Cheminformatics tools, workflows and pipelines for substructure search, virtual screening and data analysis
The following six steps are required to try out the fast substructure search in combinatorial library spaces. In this example we create the necessary datastructures from a provided input file containing a toy combinatorial library space consisting of 30k structures.
-
Download and build with maven, i.e. just use "mvn package", or alternatively import into Intellij and execute the maven task "mvn package"
-
A successful build should create the .jar file openchemlib-hyperspace-cli/target/openchemlib-hyperspace-cli.jar , check that it exists
-
Switch to the example subfolder and copy the openchemlib-hyperspace-cli.jar file in there
-
Create hyperspace data file from example space file "idorsia_toy_space_a.txt". This is a virtual library that we used for validation of the algorithms.
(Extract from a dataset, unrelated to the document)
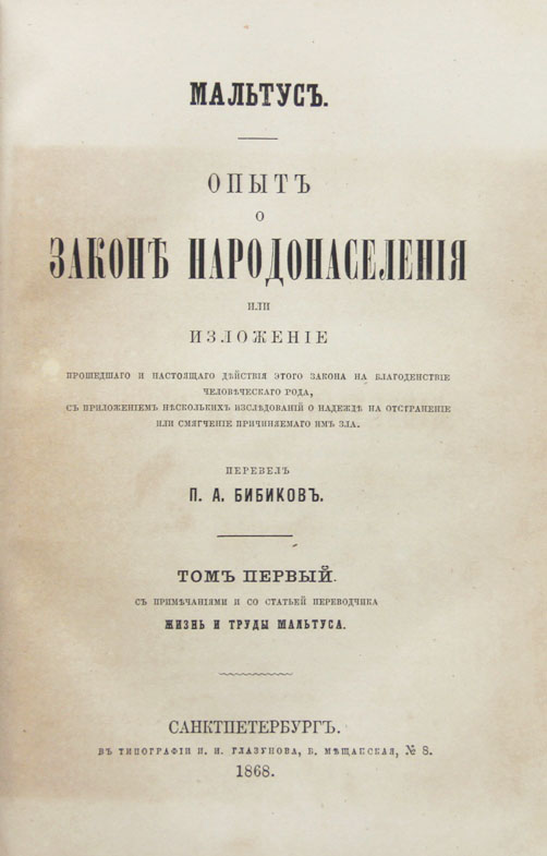 Мальтус Т.Р. Опыт о законе народонаселения или изложение прошедшаго и настоящаго действия этого закона на благоденствие человеческаго рода, с приложением нескольких изследований о надежде на отстранение или смягчение причиняемаго им зла. Перевел П.А.Бибиков. 2 тома. Спб., в типографии И.И.Глазунова, 1868. 21,3 х 14 см. Первое русское издание. В двух современных полукожаных переплетах. Сохранены издательские обложки. Отличная сохранность. Профессиональная реставрация обложек.

It contains a few synthon reactions and in total around 30k structures, i.e. it is easily possible to compare search results of Hyperspace against normal enumerated search.
To do this use the following command:
java -jar openchemlib-hyperspace-cli.jar CREATESPACE idorsia_toy_space_a.txt test FragFp 2
Explanation of the parameters after CREATESPACE: (1) input file name (2) name of the space that you want to create (determines the output file name) (3) descriptor name (must be FragFp for substructure search), (4) number of threads for space creation.
-
Start the GUI for interactive search in our toy space
java -jar openchemlib-hyperspace-cli.jar GUI hyperspace_test_config.json
-
Try out some queries using OpenChemLib query features, e.g. "foA@@@DjU_YVgKNBBJ@@@@vpA``". Please check the section Hyperspace GUI Manual below for instructions on how to use the software.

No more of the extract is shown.